糖尿病が発見できるというのはもちろんのこと、ある程度の精度があり、交換部品無しで使用できるのであれば、すでに糖尿病がある方にとっても非常に役立ちます。(現在の持続血糖モニターの電極は1枚7500円くらいしますが、糖尿病のある方の中でも医療保険でカバーできる人はごく一部です。)
ただ、皮膚に接着する電極なしで血糖値を測るとなると汗などによって誤差が出てこないかなど気になるところではあります。(現在の持続血糖モニターは汗などで電極がはがれてしまう場合などがあります。)血糖値が下がりすぎると冷や汗が出たりしますのでそれによって測定値が大きく狂ってしまったりするとすれば少々微妙かもしれません。

異常の有無にかかわらず、症状がある場合は医療機関に相談を

いかがだったでしょうか?どの機能も私個人としては大変興味があり、ぜひ使ってみたいものです。(残念ながら筆者はiPhoneでないのでまだ当分お預けです。)

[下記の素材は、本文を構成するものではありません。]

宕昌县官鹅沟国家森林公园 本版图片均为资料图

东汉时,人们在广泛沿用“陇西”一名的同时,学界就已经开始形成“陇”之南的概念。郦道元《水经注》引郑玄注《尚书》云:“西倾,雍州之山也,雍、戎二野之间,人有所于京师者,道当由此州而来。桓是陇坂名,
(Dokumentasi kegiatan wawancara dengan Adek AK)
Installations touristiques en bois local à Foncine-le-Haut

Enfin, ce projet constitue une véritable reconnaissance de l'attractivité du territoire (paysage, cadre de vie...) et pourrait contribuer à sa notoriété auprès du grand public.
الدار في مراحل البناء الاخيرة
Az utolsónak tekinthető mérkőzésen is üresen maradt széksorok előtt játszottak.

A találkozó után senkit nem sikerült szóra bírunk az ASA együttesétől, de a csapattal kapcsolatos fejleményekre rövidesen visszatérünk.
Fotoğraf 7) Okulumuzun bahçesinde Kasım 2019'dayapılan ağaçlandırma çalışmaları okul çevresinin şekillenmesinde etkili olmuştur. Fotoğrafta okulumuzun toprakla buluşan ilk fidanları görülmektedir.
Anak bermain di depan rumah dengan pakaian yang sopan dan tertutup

いずれの機能も正しく使用できれば非常に便利で、病気の発見に役立ちますが医師ではなく、医学知識のない人が最初に判断するという点に大きな問題があります。検査についての十分な知識がなければモニターの異常値が示す事や各モニターの誤差や限界などを正しく判断できない場合があるからです。

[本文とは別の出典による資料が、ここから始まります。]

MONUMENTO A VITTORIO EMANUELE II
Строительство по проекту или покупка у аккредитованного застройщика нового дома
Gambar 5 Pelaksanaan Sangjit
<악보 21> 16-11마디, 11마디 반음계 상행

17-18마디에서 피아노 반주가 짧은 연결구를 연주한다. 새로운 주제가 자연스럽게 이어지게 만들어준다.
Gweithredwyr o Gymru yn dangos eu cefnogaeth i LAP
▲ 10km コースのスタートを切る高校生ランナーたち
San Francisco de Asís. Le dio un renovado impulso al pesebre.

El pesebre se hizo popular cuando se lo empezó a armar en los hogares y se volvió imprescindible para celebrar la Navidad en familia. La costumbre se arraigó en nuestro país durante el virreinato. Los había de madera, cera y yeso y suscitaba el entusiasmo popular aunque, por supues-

もちろん、スマートウォッチのモニターが病気の早期発見に結び付く可能性は十分にあるので、異常値が表示された場合は一度医療機関にご相談いただく事をお勧めします。(精密検査の結果、異常がないこともあります。)また、症状がある場合は、たとえスマートウォッチのモニターで異常がない場合であっても自分で判断することなく、一度医療機関にご相談いただく事をお勧めします。